Totally! Thanks for the ask!
I think Remus and Tonks getting together suffers from the same thing that a lot of canon relationships do, i.e., that JKR doesn't really know how to write romantic chemistry. There are very few times in the books where it feels like there's genuine sexual or romantic tension happening on the page. So that's layer 1.
Layer two is that Remus and Tonks aren't themselves on the page for most of Books 5-7, so their "love story," as such, is 90% exposition. The only scenes we get of them as a couple are Tonks scolding Remus for not dating her and Remus guiltily shooting her down. It also seems out of character for Remus, who is defined in many ways by his attachment to the past and who has been living out of Sirius's pockets for two years, to show little or no apparent grief at the death of his best friend of twenty years, not to mention one of the last people alive who loved James Potter. Harry grieves Sirius more than Lupin seems to, and Harry knew Sirius for about five minutes compared to Lupin. That's not to say that grief always looks the same — it's different, and I'm sure Lupin compartmentalized it for the war effort — but it should, in theory, stop you from jumping into a high-intensity relationship with your dead best friend's niece. (If you look at the timeline on Tonks and Lupin's relationship vis-a-vis Sirius's death, it is absolutely wild.)

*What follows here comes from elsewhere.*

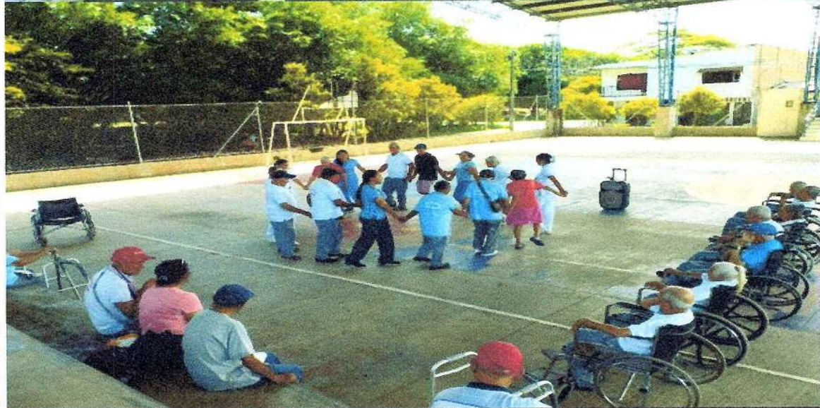
Salida lúdica a las picinas naturales

The Wolfstar in Lionheart is subtle, but as overt as I thought was realistic for two men who hadn't seen each other in years and are also, by necessity, only seen by the reader in the presence of their thirteen-year-old godson. I wanted to capture the energy of "closeted on-again off-again lovers in the 70s and 80s before having a VERY messy breakup" (which, believe it or not, is a broader demographic than you'd think), both because I think it's a fun way to write them (the vibes! the possessiveness! the old-married-couple meets shy-first-relationship of it all!) and because it explains why Lupin is totally alone before Prisoner of Azkaban — in particular, why he never made an effort to contact Harry. It's hard enough to be a closeted man in Britain in the 1980s; throw in a case of lycanthropy and an insane amount of personal trauma, and what you've got on your hands is the kind of guy who'd go totally radio silent on everyone he knows for 13 straight years.